_WHAT THE TASK REQUIRES_:
Retype, word for word, only the lines from the one containing "- نقلب الكنافة" through the last line of the listing below. Pictures do not belong in the result.

_INPUT DATA_:
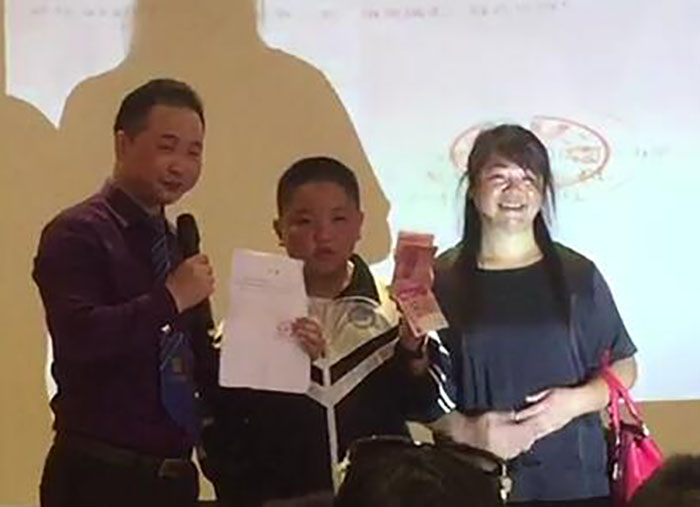 老师为其颁发奖学金。
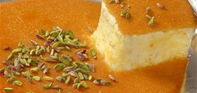 - نقلب الكنافة داخل صينيّة أخرى، بحيث تصبح الجبن أسفل والعجينة أعلى.
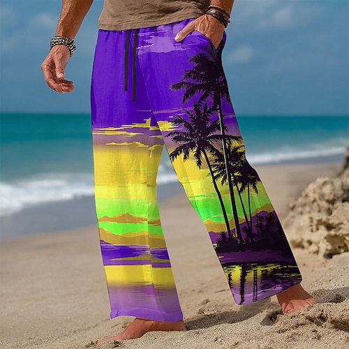 Per uomo Albero di Cocco Piante Tropicali Pantaloni di Lino Pantaloni Pantaloni Larghi Misura del girovita medio Hawaiano Casual Vacanza Abbigliamento casual alla moda Abbigliamento mare Coulisse

_RESULT_:
 - نقلب الكنافة داخل صينيّة أخرى، بحيث تصبح الجبن أسفل والعجينة أعلى.
 Per uomo Albero di Cocco Piante Tropicali Pantaloni di Lino Pantaloni Pantaloni Larghi Misura del girovita medio Hawaiano Casual Vacanza Abbigliamento casual alla moda Abbigliamento mare Coulisse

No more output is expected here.